Pictures excluded, please retype exactly the lines from the start of the data through the line that contains "74 75 PLACES", both ends kept, and nothing beyond them.

[Saved entries]
*** Begin section ***
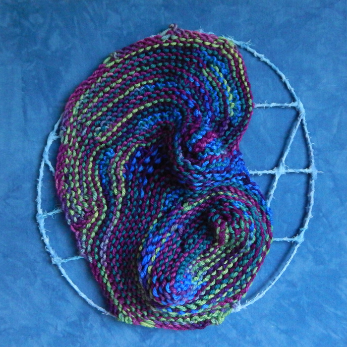 - Ingrid Lincoln “Carnival” 2017, Knitted silk and wire, sublimation dyed fabric paint; 12” x 12” x 1”.
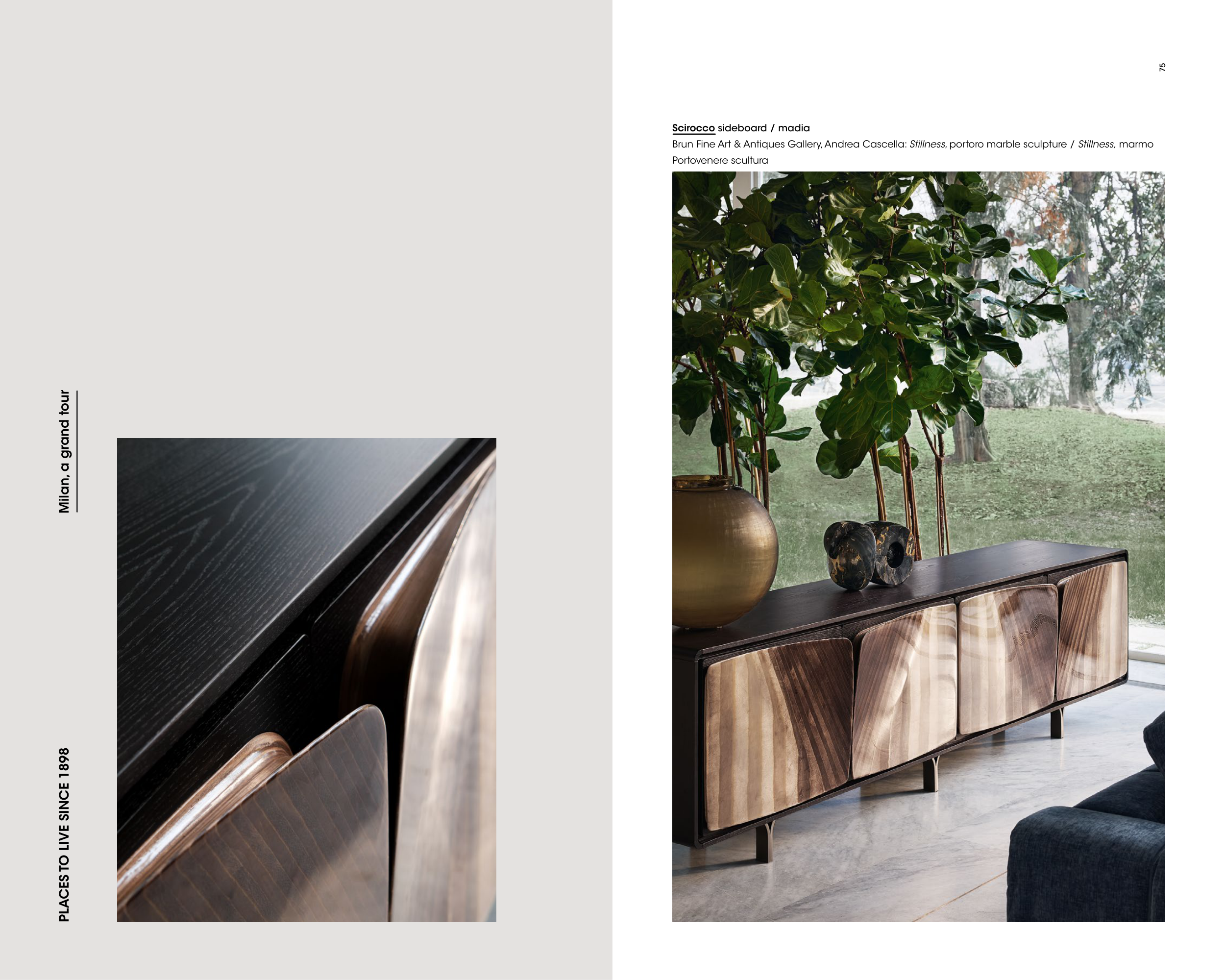 74 75 PLACES TO LIVE SINCE 1898 Milan, a grand tour Scirocco sideboard / madia Brun Fine Art & Antiques Gallery, Andrea Cascella: Stillness, portoro marble sculpture / Stillness, marmo Portovenere scultura
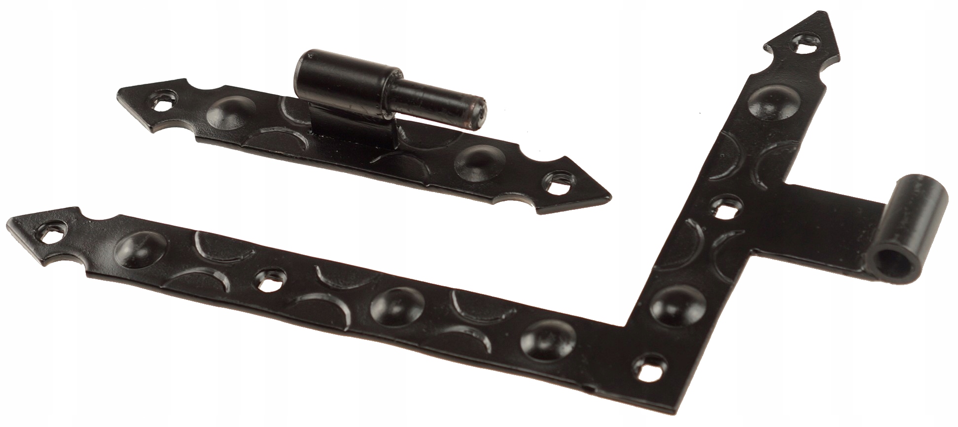 Ці 4 елементи створюють функціональний солідний гарнітур у підгальському стилі. Петля підходить для установки в дерево, метал або цеглу. Забезпечує плавний рух віконниць під час їх закривання та відкривання.
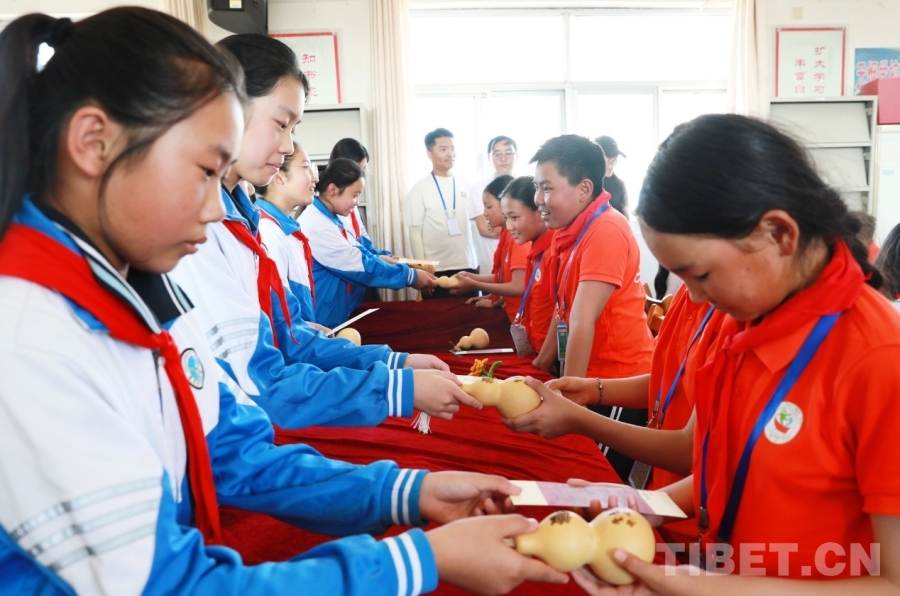 圖為堂邑鎮(zhèn)中心小學(xué)學(xué)生向西藏阿里噶爾縣孔繁森小學(xué)學(xué)生贈送小禮物 攝影:劉莉
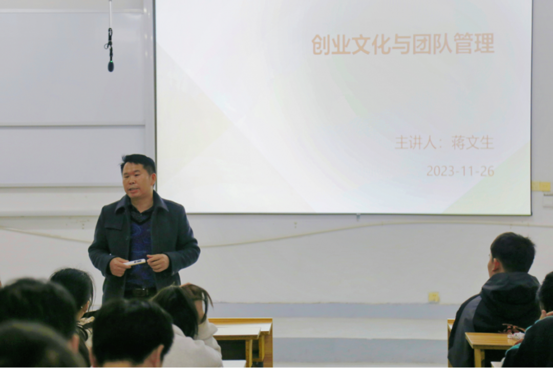 在第26期大学生创新创业讲座中,高级经济师蒋文生以“创业文化与团队管理”为主题,用两部中国经典名著故事区分“团伙”与“团队”两个概念,并由此引出创业文化的定义。在讲座中,蒋老师结合国际国内时政和案例,引经据典、深入浅出地阐明创业文化的价值和构建。蒋老师认为,创业文化对团队管理有着深远影响,团队管理对创业文化具有推动作用;要做好团队管理,一要建立共同愿景和目标,二要强化沟通和信任,三要激发团队成员的积极性和创造力,四要培养团队成员的领导力和协作能力。活动还与同学们分享了阿里巴巴、华为、特斯拉等五个创业文化与团队管理的实践案例。同学们受益良多,大家能够充分认识并正确分析创业团队的优劣势,掌握如何打造创业文化以及创业团队组建运作的策略和方法。同时纷纷表示在今后的学习和生活中将会更加积极地投入到创新创业中。
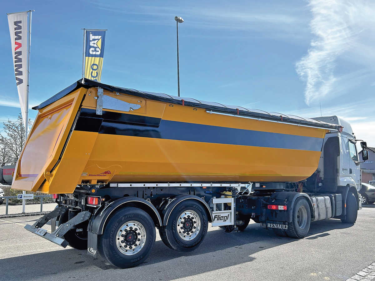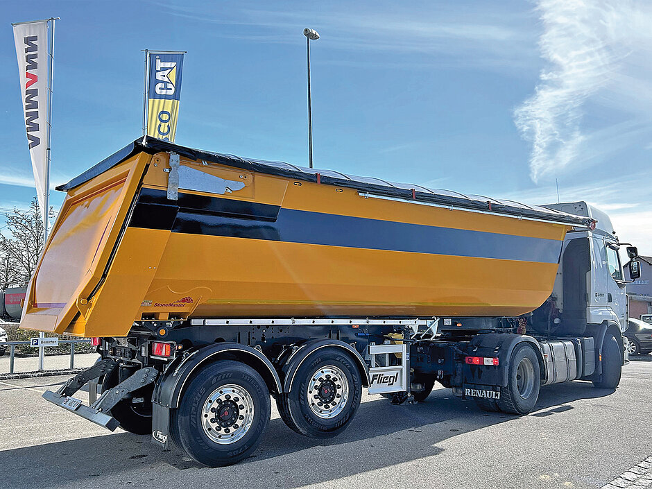 Fliegl verbaut zudem eine horizontal verstellbare Königszapfenaufnahme; damit lässt sich der Sattelkipper sowohl mit einer zwei- als auch einer dreiachsigen Zugmaschine bewegen. »Der Kunde fährt 6x4-Zugmaschinen, daher wurde bei diesem Trailer der Abstand von der ersten zur zweiten Königzapfenposition leicht geändert«, berichtet Florian Zwahlen von Avesco.
*** End section ***
• [Answer box]:
 - Ingrid Lincoln “Carnival” 2017, Knitted silk and wire, sublimation dyed fabric paint; 12” x 12” x 1”.
 74 75 PLACES TO LIVE SINCE 1898 Milan, a grand tour Scirocco sideboard / madia Brun Fine Art & Antiques Gallery, Andrea Cascella: Stillness, portoro marble sculpture / Stillness, marmo Portovenere scultura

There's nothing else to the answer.